Puzzled and amazed and how simple life can be....at least for now. At lunch, went home and plugged in the Glatter with the 1 mm stop and centered it as carefully as I could in the focuser and then centered the laser in the triangle with the secondary screws and then got the little red rabbit back in the hole it came out of with the primary knobs and it appeared that there were concentric circles (similar to a star collimation) around the center hole of the 1mm. Then put in the Blug and it was centered (or very close to such). Put in the Catseye AC and it was the best image I've seen. Everything seemed centered and no ghost triangles. Then put in the TuBlug and it was also giving a good test. Now to mess it all up tonight and try it again. It seems that if I can do it repeatedly all with the 1 mm stop, then all this will seem very simple. I wonder how easy it would be to see the 1mm stop from the back of a truss, maybe even in the secondary?
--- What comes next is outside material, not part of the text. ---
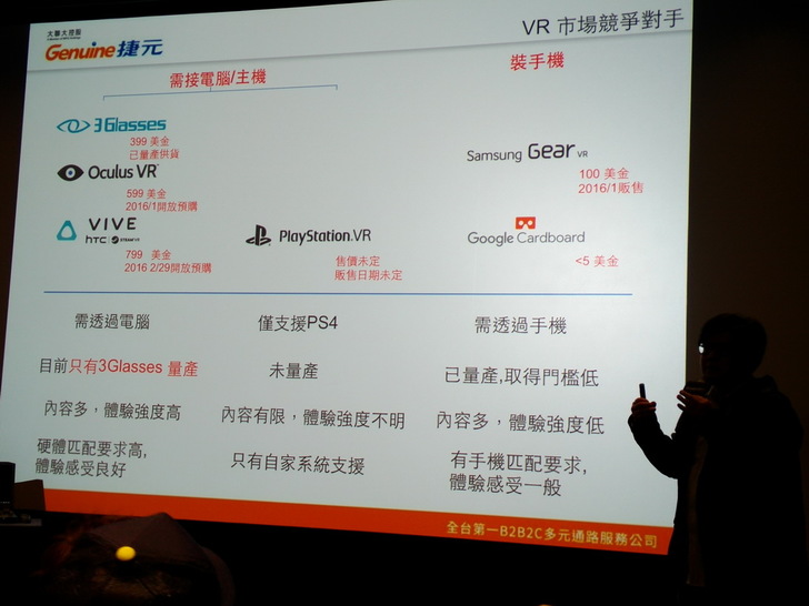 最後也分享了他目前使用的主機及宙斯機的差異比較及使用VR的心得感想
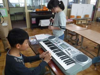 今年は,「森の中のおかしな家」を発表します。音楽の授業で練習している曲を演奏します。リーダーの二人は休み時間も練習して合わせています。背景の絵や小道具・お菓子の家をみんなで作りました。いよいよ,来週が本番です。ドキドキしますがみんながんばります!あたたかい応援をよろしくお願いします。

Just remember to compare what you see with the Blug until you really get the hang of seeing the diffraction rings and centermark shadow. The return beam of the laser by itself, diffraction circles notwithstanding, isn't the best way to line up a primary. Though, admittedly, if the alignment of the primary is way off, the return beam of the unbarlowed laser will at least put you in the ballpark for easy collimation of primary tilt with the BLUG or barlow attachment.
I've seen many people in the field collimate their primaries with the return beam of a single beam laser. So it might be worthwhile to mention
why the return beam of a simple laser isn't up to the task of collimating a primary.
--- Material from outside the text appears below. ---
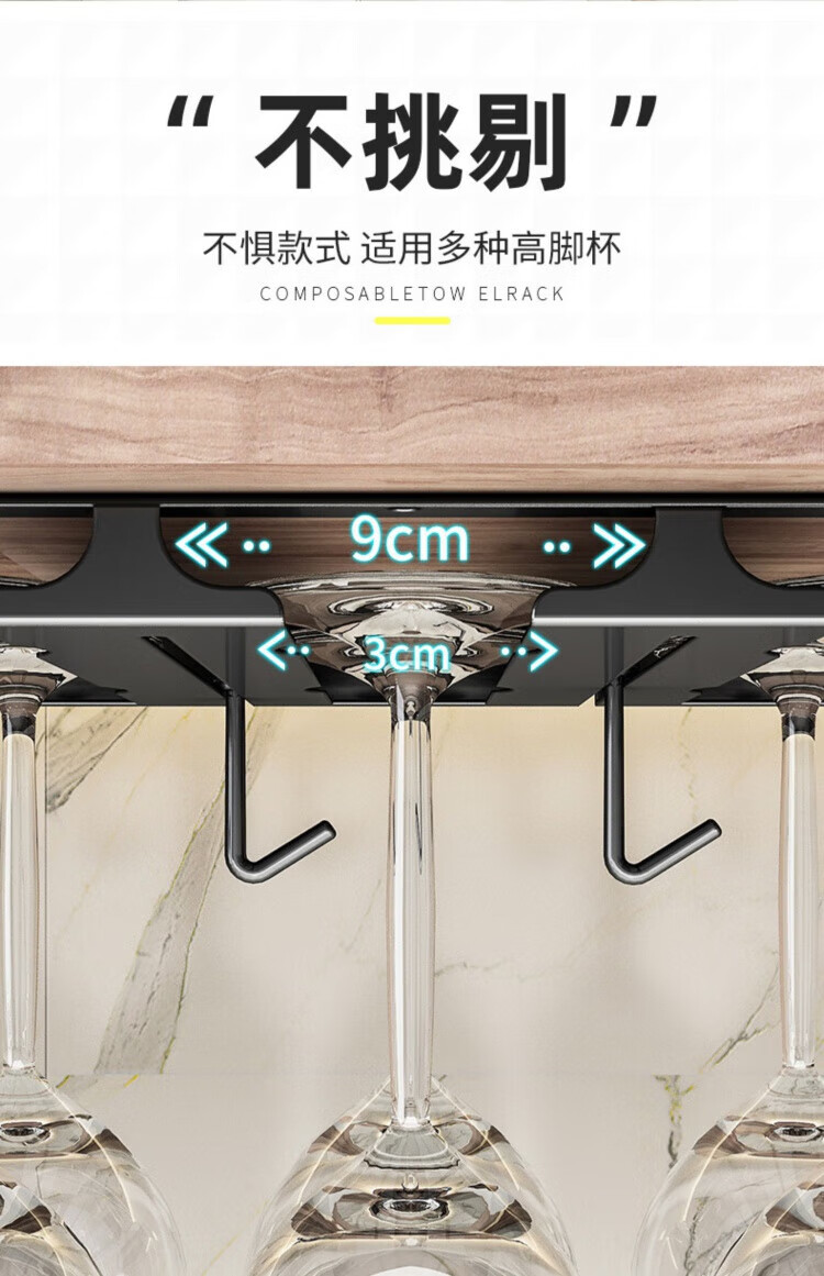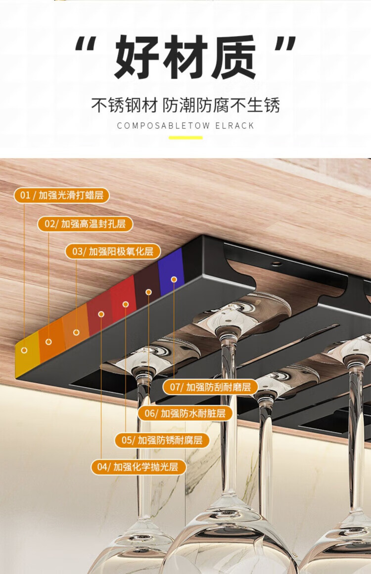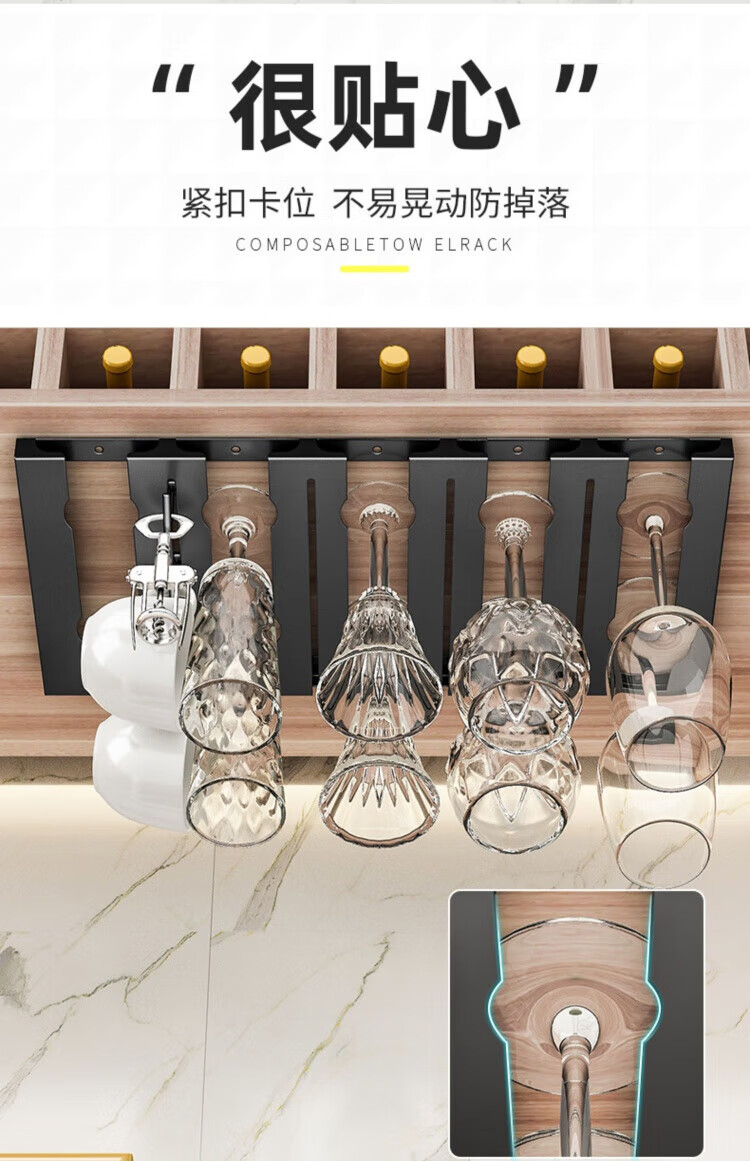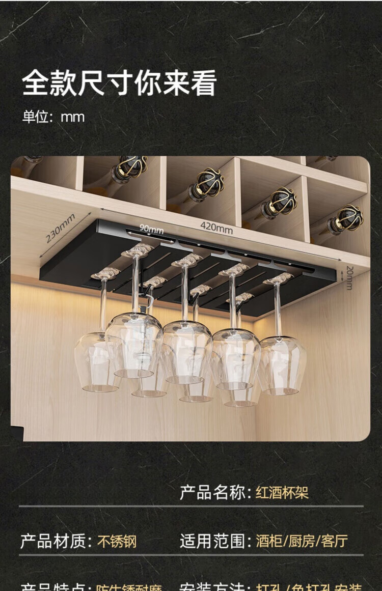 CKULH German stainless steel wine glass hanger, upside-down cup holder, goblet storage rack, home light luxury ornaments hanging, gun gray six slots + five hooks - can hang 12 cups (punch/no need to punch)

Let's say you adjust the secondary to put the laser beam outside the primary's centermark. Could you adjust the tilt of the primary to return the beam to its source on the bottom of the laser? Yes. Would the telescope be collimated? No. The point is, there will be some error in having the laserbeam hit the center of the primary, but you can always adjust the primary to return the beam to its source. And, with most lasers, estimating the center of the primary's mark to the necessary degree of precision isn't possible because the eye is either too far away, the beam is too bright, or the beam shape isn't small enough to accurately assess the center of the mirror closely.
Now if the beam hits
exactly in the center of the primary, the return beam will hit the source in a perfectly collimated scope.
So how can you tell if you're compensating for an inaccurate centering of the laser with a tilt error in the primary? Well, one way is the cheshire. Another way is the barlowed laser technique of Nils Carlin. Another way is a Krupa collimator. And, another way is to reduce the aperture of the laser until the laser beam has a diffraction pattern where it hits the primary (the small size of the beam, coupled with the diffraction pattern, makes estimating dead center a lot easier).
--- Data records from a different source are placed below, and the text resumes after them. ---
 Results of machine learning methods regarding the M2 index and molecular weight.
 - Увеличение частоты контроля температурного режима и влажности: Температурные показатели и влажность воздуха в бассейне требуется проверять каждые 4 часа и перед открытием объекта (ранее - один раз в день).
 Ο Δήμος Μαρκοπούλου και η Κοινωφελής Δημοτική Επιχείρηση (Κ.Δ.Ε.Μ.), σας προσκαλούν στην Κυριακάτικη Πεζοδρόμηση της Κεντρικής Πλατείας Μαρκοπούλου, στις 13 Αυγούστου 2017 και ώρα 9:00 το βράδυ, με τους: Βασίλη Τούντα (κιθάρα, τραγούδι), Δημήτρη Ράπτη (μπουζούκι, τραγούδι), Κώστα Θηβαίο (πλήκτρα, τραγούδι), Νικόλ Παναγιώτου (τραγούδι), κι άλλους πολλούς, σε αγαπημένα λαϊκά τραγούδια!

This last way, as some have discovered, results in a return beam from the primary to the laser that not only contains the diffraction rings around the central laser beam itself, but also the shadow of the primary's centermark within the diffraction pattern--in essence, similar to what you would see with a barlow. So you can center the shadow, as you'd do with a barlow.
Of course, the fact the laser is not diffused, as with a barlow, means that shadow is a little harder to see and center. But, as Vic has found out, this works quite well and gets you quite close to perfect collimation quite quickly.
It goes without saying the laser must be accurately collimated, and have a very small aperture stop (1mm or less).
I've done some experimenting with an accurate laser with a 0.8mm aperture stop, comparing it to the Catseye TeleTube sight tube, and I get nearly equal accuracy with either. I actually looked at the primary from up close (shroud lifted) when using the laser, and used a diffraction point in the crosshairs to center in the primary's centermark.
[a little discussed characteristic of vision is that when the sight tube's crosshairs are thin and at a non-focused distance from your eye, the crossing point produces a diffraction "dot" that you can center in the primary's mark for greater accuracy].
De-collimating and aligning with either method gave me equal results when checked later with the autocollimator.
We are becoming blessed with an abundance of good techniques in collimation. What we need to do is keep harping about the use of collimation caps and inaccurately-collimated cheap lasers with 45 degree windows. There is no reason these tools could not be made better with a little more care on the part of the manufacturers. For now, though, we have a handful of companies producing good tools, and that is probably enough.